PARKERS CROSSROADS
Union soldiers at Parkers Crossroads-re-enactment October 2012
By Mariann Martin - Jackson Sun



PARKERS CROSSROADS
A Piece of History - " The Battle of Parkers Crossroads"
By A.J. Morris
Re-enactment 150th Anniversary Commemoration - "The Jackson Sun" November 6, 2014


This is the McPeake Log Cabin which was moved and restored at Parkers Crossroads 2008

Cannon fire and galloping horses will cause the hills of Parkers Crossroads to come alive this weekend at the Battle of Parkers Crossroads, Living History and Military Demonstration. Held every other year at Parkers Crossroads Battlefield Park at Exit 180 off Interstate 40.

Part of the Parkers Crossroads Battlefield Association's Living Histories series, the demonstration's main focus is to educate people on what life was like for West Tennesseans in the 1860's. What we're trying to do is to educate everyone, men, women and children, on that period in our history," said state Rep. Steve McDaniel, the Parkers Crossroads Battlefield Association historian. "Our hope is for everyone to have a better understanding of the sacrifices made by the people who lived in those times, especially in the South, where most of the battles were fought and where everyone was affected".

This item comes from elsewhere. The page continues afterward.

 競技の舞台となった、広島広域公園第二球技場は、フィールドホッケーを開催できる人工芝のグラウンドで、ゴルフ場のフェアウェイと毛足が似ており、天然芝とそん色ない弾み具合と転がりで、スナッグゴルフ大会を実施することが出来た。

The Battle of Parkers Crossroads was the result of Confederate Lt. Gen. Nathan Bedford Forrest and his raid into West Tennessee.

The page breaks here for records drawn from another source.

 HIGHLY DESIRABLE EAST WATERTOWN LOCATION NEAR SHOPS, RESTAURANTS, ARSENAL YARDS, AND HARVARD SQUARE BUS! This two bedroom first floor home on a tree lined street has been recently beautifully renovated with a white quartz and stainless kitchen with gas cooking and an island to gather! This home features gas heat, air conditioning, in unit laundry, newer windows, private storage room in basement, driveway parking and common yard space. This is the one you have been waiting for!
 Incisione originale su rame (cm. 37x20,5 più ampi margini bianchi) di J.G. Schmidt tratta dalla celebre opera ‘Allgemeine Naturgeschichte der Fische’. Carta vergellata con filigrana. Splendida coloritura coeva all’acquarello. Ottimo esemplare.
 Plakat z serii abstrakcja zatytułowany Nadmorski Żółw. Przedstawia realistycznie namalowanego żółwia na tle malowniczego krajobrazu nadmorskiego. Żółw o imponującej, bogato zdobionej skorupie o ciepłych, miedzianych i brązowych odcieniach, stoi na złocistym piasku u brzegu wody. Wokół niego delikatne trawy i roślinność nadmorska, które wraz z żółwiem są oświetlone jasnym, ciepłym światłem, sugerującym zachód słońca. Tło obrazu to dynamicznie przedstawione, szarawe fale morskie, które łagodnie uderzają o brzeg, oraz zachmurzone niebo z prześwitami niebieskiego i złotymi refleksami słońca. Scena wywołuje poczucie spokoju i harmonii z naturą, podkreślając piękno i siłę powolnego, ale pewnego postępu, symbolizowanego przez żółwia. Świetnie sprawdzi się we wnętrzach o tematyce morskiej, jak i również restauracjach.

One of the most prominent leaders of the Civil War, Forrest is known for implementing tactics that were far ahead of the accepted strategies of the time. Standard military doctrine of the day called for direct engagement of enemy forces with vast numbers of troops and a wall of rifle fire. This process, while mostly effective, was cumbersome and sluggish, as generals spent days and weeks simply maneuvering their forces to confront the enemy.

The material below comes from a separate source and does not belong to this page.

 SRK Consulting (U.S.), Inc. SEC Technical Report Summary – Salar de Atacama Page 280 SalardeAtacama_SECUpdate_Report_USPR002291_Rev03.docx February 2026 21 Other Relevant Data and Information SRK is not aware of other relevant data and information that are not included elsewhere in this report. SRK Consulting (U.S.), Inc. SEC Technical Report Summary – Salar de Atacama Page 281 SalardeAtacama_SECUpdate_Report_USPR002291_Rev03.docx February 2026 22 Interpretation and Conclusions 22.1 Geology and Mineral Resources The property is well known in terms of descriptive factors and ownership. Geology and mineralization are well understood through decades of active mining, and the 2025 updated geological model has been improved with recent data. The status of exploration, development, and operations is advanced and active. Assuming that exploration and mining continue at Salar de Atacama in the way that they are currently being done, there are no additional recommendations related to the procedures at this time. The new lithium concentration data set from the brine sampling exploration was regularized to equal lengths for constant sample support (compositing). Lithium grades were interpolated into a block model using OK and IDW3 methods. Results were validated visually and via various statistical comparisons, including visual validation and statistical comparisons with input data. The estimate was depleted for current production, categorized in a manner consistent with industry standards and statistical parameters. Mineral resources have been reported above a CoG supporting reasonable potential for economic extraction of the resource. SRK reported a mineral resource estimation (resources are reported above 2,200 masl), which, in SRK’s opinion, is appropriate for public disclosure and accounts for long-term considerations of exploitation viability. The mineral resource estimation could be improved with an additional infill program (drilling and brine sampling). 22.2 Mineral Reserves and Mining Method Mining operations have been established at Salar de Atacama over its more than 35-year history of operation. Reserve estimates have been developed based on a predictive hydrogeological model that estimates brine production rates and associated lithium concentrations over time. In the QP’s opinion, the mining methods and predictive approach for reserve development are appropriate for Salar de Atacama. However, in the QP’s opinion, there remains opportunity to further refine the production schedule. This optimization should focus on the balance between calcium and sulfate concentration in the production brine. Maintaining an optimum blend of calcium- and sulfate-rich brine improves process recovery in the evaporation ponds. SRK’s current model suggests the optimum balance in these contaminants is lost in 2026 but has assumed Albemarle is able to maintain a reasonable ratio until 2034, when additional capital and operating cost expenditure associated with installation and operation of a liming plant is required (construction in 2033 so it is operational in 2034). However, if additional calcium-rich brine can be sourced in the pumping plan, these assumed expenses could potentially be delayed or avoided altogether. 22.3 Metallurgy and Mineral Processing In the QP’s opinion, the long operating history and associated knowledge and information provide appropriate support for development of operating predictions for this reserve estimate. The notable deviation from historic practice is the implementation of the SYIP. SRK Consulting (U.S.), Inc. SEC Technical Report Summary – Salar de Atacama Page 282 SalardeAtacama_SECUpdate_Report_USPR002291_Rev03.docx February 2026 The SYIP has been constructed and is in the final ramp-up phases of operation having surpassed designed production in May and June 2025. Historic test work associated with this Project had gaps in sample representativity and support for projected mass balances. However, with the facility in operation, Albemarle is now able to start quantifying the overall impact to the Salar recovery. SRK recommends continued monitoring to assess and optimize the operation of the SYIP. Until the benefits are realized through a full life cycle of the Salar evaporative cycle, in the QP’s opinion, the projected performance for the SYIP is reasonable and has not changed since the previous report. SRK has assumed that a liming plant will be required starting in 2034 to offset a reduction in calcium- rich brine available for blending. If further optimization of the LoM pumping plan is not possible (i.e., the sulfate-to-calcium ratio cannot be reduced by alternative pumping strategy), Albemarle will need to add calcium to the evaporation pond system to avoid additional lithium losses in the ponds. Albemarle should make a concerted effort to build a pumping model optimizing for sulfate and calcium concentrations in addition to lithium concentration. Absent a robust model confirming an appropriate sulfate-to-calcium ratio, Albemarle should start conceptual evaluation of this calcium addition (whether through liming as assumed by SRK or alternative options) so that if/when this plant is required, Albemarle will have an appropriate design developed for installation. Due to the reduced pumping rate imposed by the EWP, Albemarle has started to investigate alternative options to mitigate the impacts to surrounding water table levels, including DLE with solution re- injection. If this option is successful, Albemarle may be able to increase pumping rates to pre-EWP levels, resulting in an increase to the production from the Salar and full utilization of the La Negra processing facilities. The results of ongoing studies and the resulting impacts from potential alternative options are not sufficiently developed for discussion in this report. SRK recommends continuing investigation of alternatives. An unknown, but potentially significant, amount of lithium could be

Forrest would be the exception to this rule. Enlisting in the Confederate States Army at the outset of the war, Forrest had only basic military training and the rank of Private before his superior officers recognized his natural leadership abilities and commissioned him as a Lieutenant Colonel.

With no prior military experience and only a rudimentary education on tactics, Forrest learned on the battlefield, adapting and tailoring his strategy after each engagement. So natural was his grasp on strategy that soon Forrest became one of the first leaders to understand the importance of mobility in combat, a concept that would become a central theme of the next century.

Leading a cavalry unit, Forrest quickly came to appreciate the importance of fast movement to stay ahead of enemy forces. Forrest would use his cavalry as later generals would use mechanized infantry, rushing his mounted troops to the battlefield and harassing the enemy with quick raids. So effective was Forrest in implementing this strategy that he became an object of dread for Union Gen. Ulysses S. Grant.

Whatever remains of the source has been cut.